That is a huge ABV jump. You can always add water in the boil kettle to dilute. either way, this batch might be a write off or just underattenuated. Take notes and apply the changes for the next batch.
 
I understand that oxygen is important and my prior practice was to use a stone and an O2 tank for about 30 seconds prior to pitching. But didn't the lengthy post-boil recirculation through the chiller restore any oxygen? After three years off my brewing brain is more than a little rusty.
 
Is there any benefit at this point to oxygenate now and/or track down and pitch another packet of yeast

Aerating now, after fermentation has started, is inadvisable due to the chance of diacetal formation happening and also oxidation before the yeast can consume all of the dissolved oxygen.

I don't think you're going to have much of a problem with yourl skipping oxygenating just yet. It might make a difference but those yeast are going to finish the job no problem because it sounds like you used a new fresh yeast pack. Your delayed yeast reaction is not as likely to do with the pitch temperature as it is with that high OG (sometimes it's more like OMG, am I right?).

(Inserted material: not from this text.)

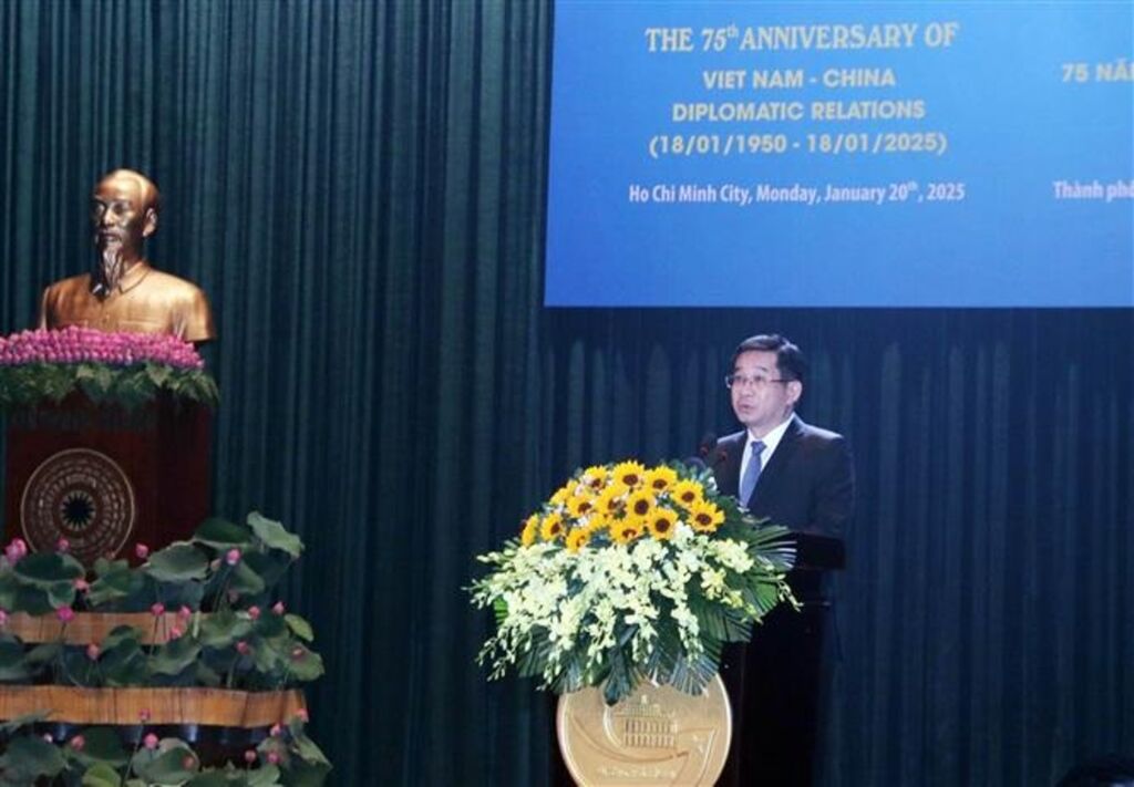 | Le vice-président permanent du Comité populaire de Hô Chi Minh-Ville, Duong Ngoc Hai, lors d'une cérémonie célébrant le 75ᵉ anniversaire de l'établissement des relations diplomatiques entre le Vietnam et la Chine. |

If you'd like, choose to keep fermentation temperature low in the range and steady, and as fermentation is completing allow it to rise to 68 to 72 Fahrenheit and hold it there for 4 to 8 days. That will help your yeast develop good flavors despite that high OG and possible aeration issue.

How many gallons is this batch, and how are you calculating your mash efficiency? Just curious because that is a whopping change!


Always try to go upward in temperature with yeast.

Can you explain this? Not the reasoning why, but the bio activity of the yeast and the result on the beer? Example case: Pitching at 75F and dropping to 70 in 12 hours for a Belgian.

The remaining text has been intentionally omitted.